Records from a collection
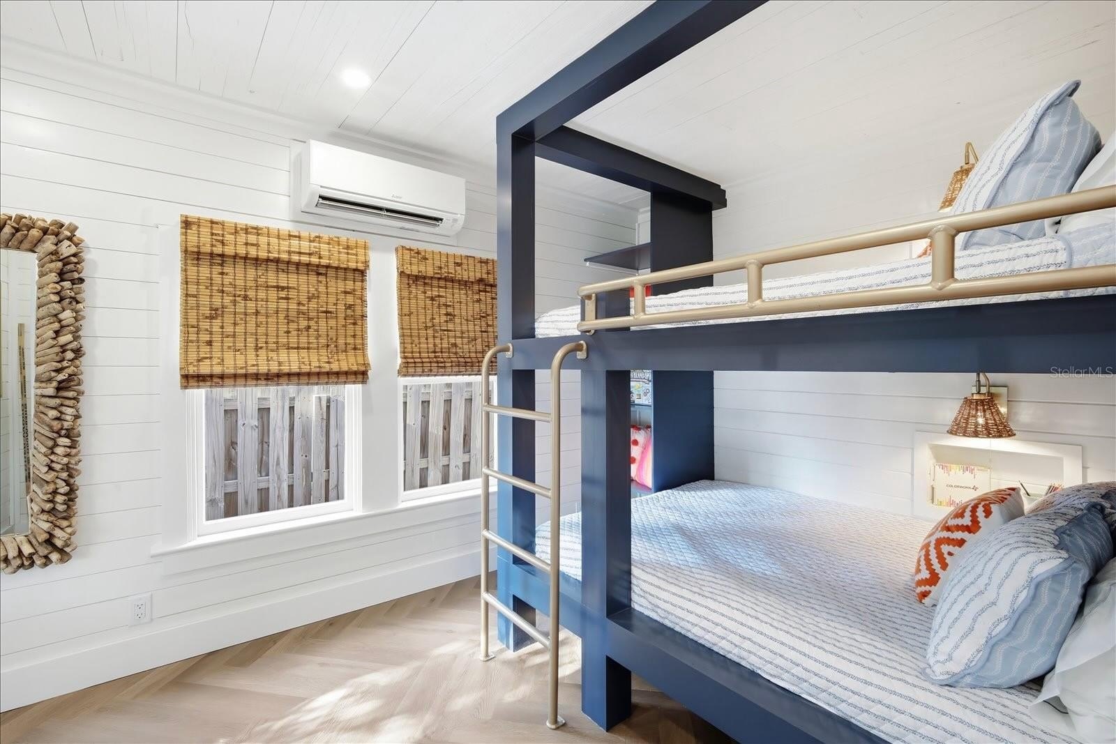 The home features a well-designed split floor plan, offering privacy and comfort for residents and guests alike. The primary bedroom suite includes a private ensuite bath, creating a peaceful retreat at the end of the day. On the opposite side of the home, the second bedroom features charming built-in bunks, perfect for family or visiting guests, with easy access to the second full bath.
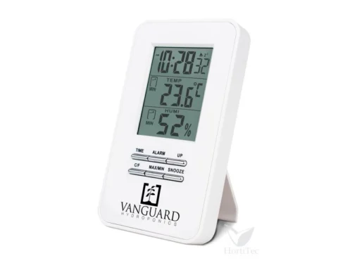 El Termohigrómetro Digital Vanguard Hydrop es una herramienta indispensable para monitorear las condiciones ambientales en tu espacio de cultivo. Este dispositivo mide con precisión la temperatura y la humedad, proporcionando datos esenciales para mantener un entorno óptimo para el crecimiento de tus plantas. Equipado con una pantalla digital clara y fácil de leer, permite un seguimiento continuo y en tiempo real de las condiciones climáticas. Su diseño compacto y funcional se adapta a cualquier configuración de cultivo, asegurando que puedas tomar decisiones informadas para mejorar la salud y el rendimiento de tus plantas. Con el Termohigrómetro Digital Vanguard Hydrop, controla y optimiza tu entorno de cultivo de manera eficiente y efectiva.
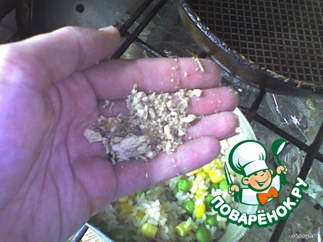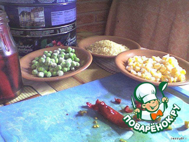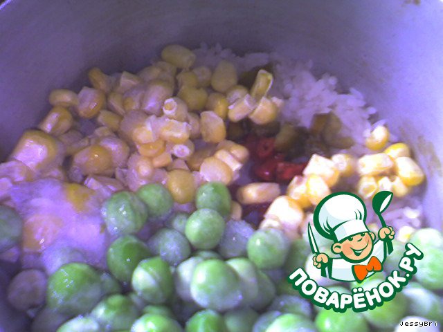 Перец нарезаем меленько, с горошка и кукурузы сливаем жидкость (или достаем из пакета - у меня были замороженные). Рис промываем и ставим варить.
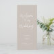Programa de casamento com moderno roteiro de caligrafia manuscrito em bege neutro, personalize as costas com suas próprias informações.
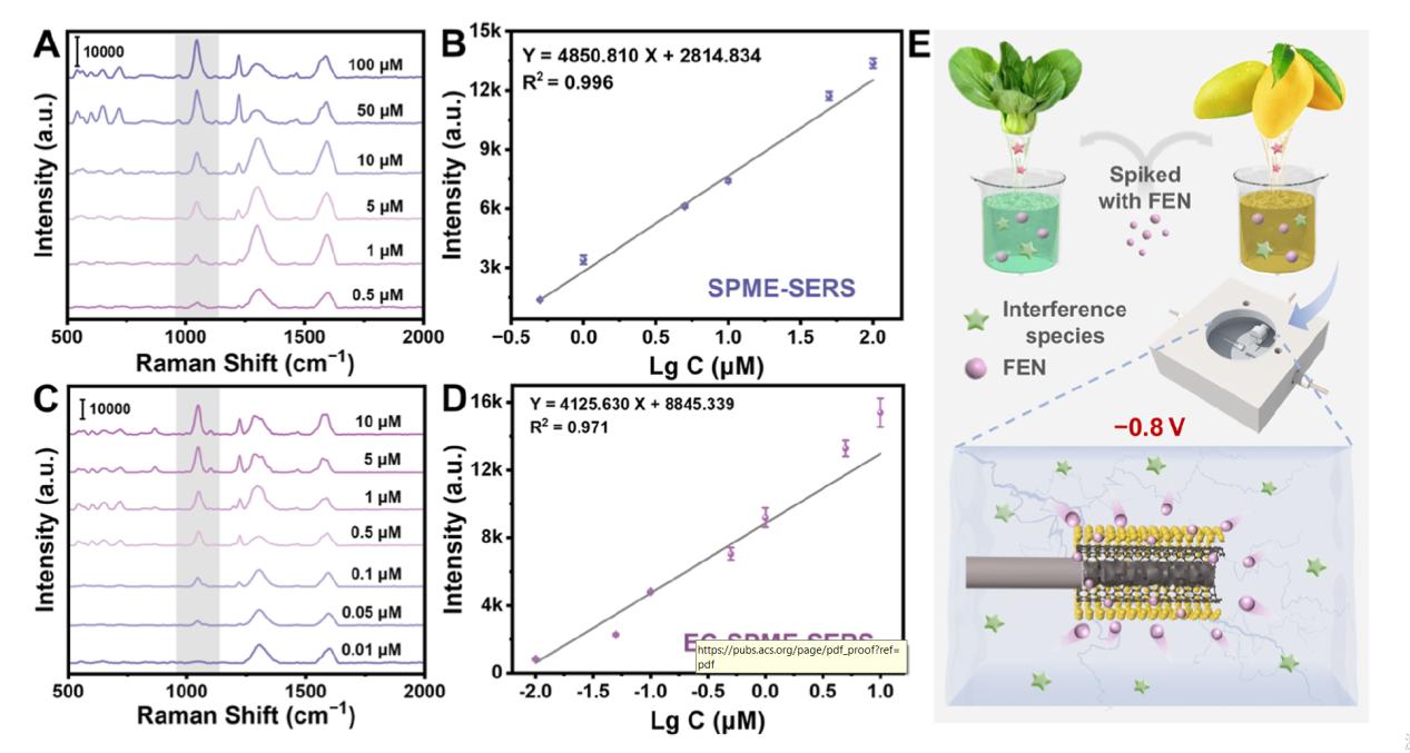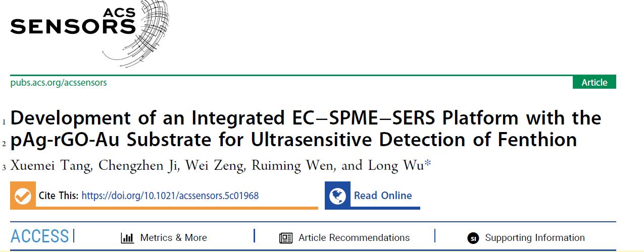 海南大学食品科学与工程学院吴龙团队联合相关单位,在《ACSSensors》发表Development of an Integrated EC−SPME−SERS Platform with the pAg-rGO-Au Substrate for Ultrasensitive Detection of Fenthion研究论文,创新性开发出基于pAg-rGO-Au复合基底的EC-SPME-SERS集成检测平台,专门用于食品中倍硫磷(FEN)农药残留的超灵敏检测。该平台整合电化学(EC)调控、固相微萃取(SPME)富集与表面增强拉曼散射(SERS)检测功能,解决了传统SERS检测中基质干扰强、目标分子富集难的问题,检出限低至2.7nM,较传统SPME-SERS灵敏度提升30倍,为复杂食品基质中痕量污染物检测提供了高效技术方案。
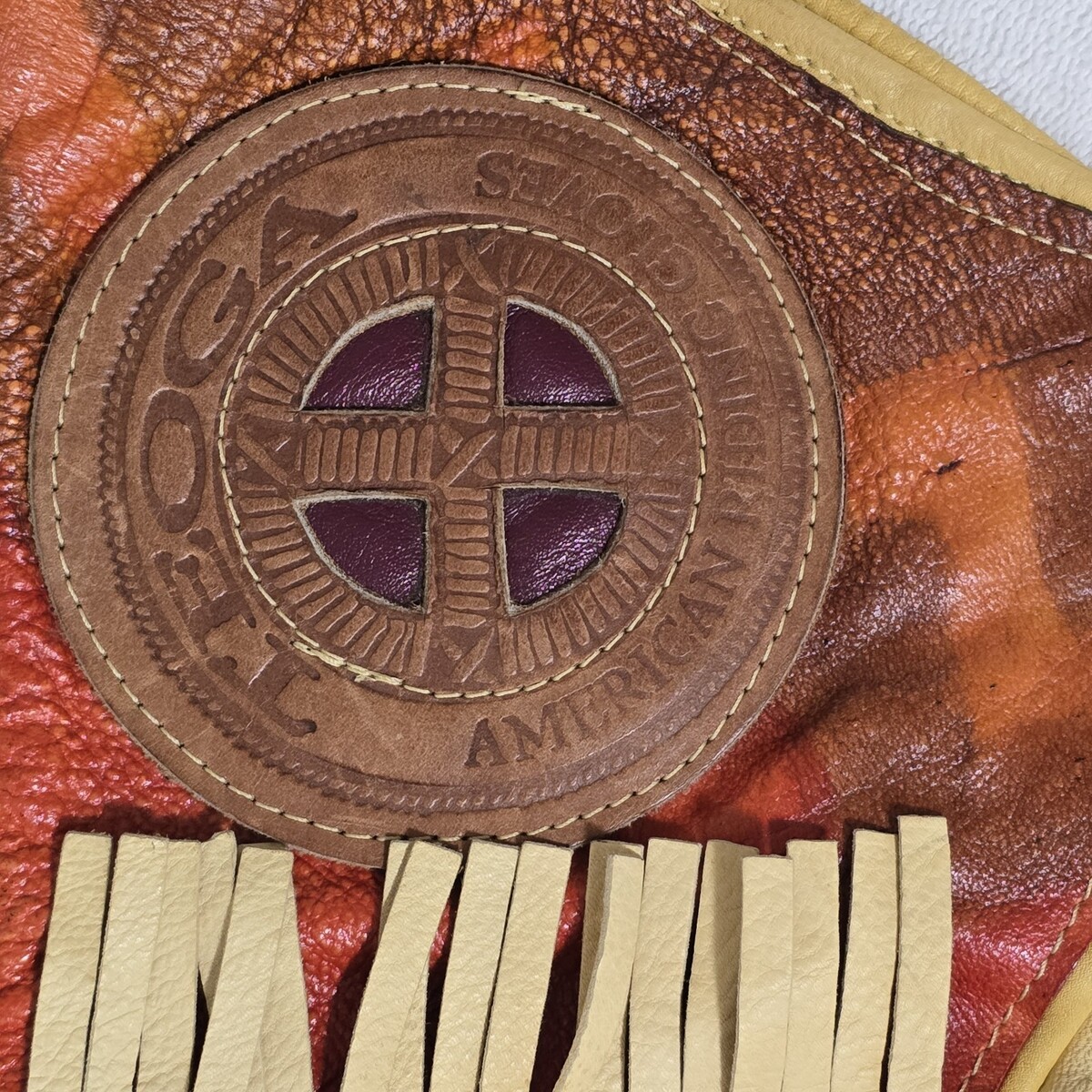 - VTG Teoga American Leather Motorcycle Gauntlet Riding Gloves Fringe Beads Mens L
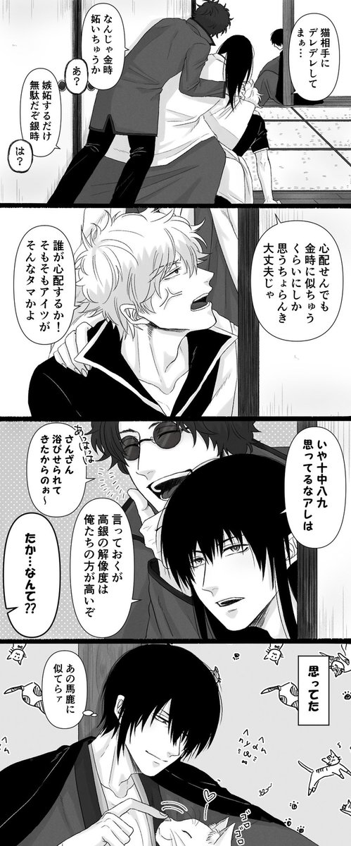 56 379 3日後に元に戻った高銀 2022年は🐈年なのでいつでも🐈耳を描いて良い年なのだ…… 最後のコマは昨日の夜のコトを思い出してるはっぴ〜な高杉です 22/07/16 21:50
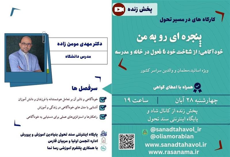 بدین وسیله به اطلاع می رساند، دبیرخانه کشوری آموزش خانواده اقدام به برگزاری وبینار با عنوان پنجره ای رو به من نموده است.
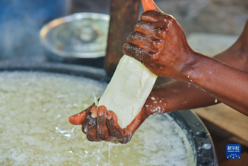 木薯是喀麦隆百姓重要的传统粮食作物。成熟的木薯块根经过清洗、削皮、切碎,再放入水中发酵,根据发酵时间的不同,木薯碎根可以制成不同的衍生品,比如木薯棒和木薯“古斯古斯”。
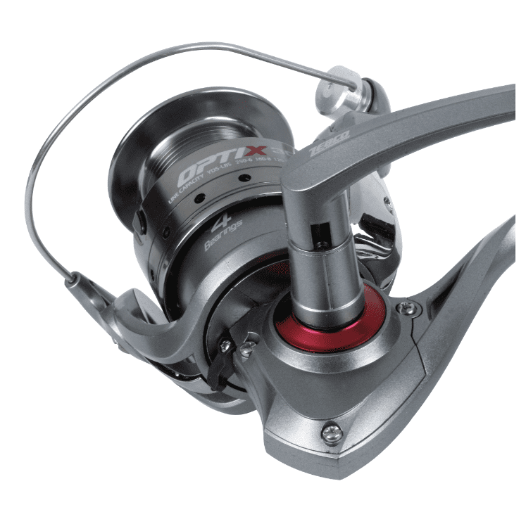 Optix-Spinnrollen sind vollgepackt mit Funktionen, wie einem starken und leichten Graphitgehäuse, einem massiven Messingritzel, dem TRU-Balance Rotordesign und einer geschmiedeten und gefrästen Aluminiumspule, die einen super geschmeidigen Schnurabzug im Drill ermöglicht.
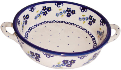 Boleslawiec Polish Pottery UNIKAT Round Baker with Handles "Forget Me Not"
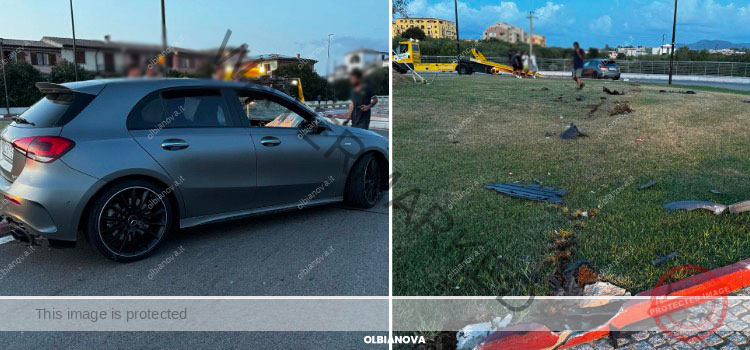 OLBIA. Una banale distrazione costerà cara al proprietario di un Mercedes Classe AMG che ha attraversato tutta la rotatoria di Isticadeddu, tagliandola diametralmente e sfiorando l’albero al centro, e sbucando sul fronte opposto.

## [Your task]
Leaving out the pictures, print exactly and only the lines from the one containing "Programa de casamento" through the last line of the records.

## [Answer space]
Programa de casamento com moderno roteiro de caligrafia manuscrito em bege neutro, personalize as costas com suas próprias informações.
 海南大学食品科学与工程学院吴龙团队联合相关单位,在《ACSSensors》发表Development of an Integrated EC−SPME−SERS Platform with the pAg-rGO-Au Substrate for Ultrasensitive Detection of Fenthion研究论文,创新性开发出基于pAg-rGO-Au复合基底的EC-SPME-SERS集成检测平台,专门用于食品中倍硫磷(FEN)农药残留的超灵敏检测。该平台整合电化学(EC)调控、固相微萃取(SPME)富集与表面增强拉曼散射(SERS)检测功能,解决了传统SERS检测中基质干扰强、目标分子富集难的问题,检出限低至2.7nM,较传统SPME-SERS灵敏度提升30倍,为复杂食品基质中痕量污染物检测提供了高效技术方案。
 - VTG Teoga American Leather Motorcycle Gauntlet Riding Gloves Fringe Beads Mens L
 56 379 3日後に元に戻った高銀 2022年は🐈年なのでいつでも🐈耳を描いて良い年なのだ…… 最後のコマは昨日の夜のコトを思い出してるはっぴ〜な高杉です 22/07/16 21:50
 بدین وسیله به اطلاع می رساند، دبیرخانه کشوری آموزش خانواده اقدام به برگزاری وبینار با عنوان پنجره ای رو به من نموده است.
 木薯是喀麦隆百姓重要的传统粮食作物。成熟的木薯块根经过清洗、削皮、切碎,再放入水中发酵,根据发酵时间的不同,木薯碎根可以制成不同的衍生品,比如木薯棒和木薯“古斯古斯”。
 Optix-Spinnrollen sind vollgepackt mit Funktionen, wie einem starken und leichten Graphitgehäuse, einem massiven Messingritzel, dem TRU-Balance Rotordesign und einer geschmiedeten und gefrästen Aluminiumspule, die einen super geschmeidigen Schnurabzug im Drill ermöglicht.
 Boleslawiec Polish Pottery UNIKAT Round Baker with Handles "Forget Me Not"
 OLBIA. Una banale distrazione costerà cara al proprietario di un Mercedes Classe AMG che ha attraversato tutta la rotatoria di Isticadeddu, tagliandola diametralmente e sfiorando l’albero al centro, e sbucando sul fronte opposto.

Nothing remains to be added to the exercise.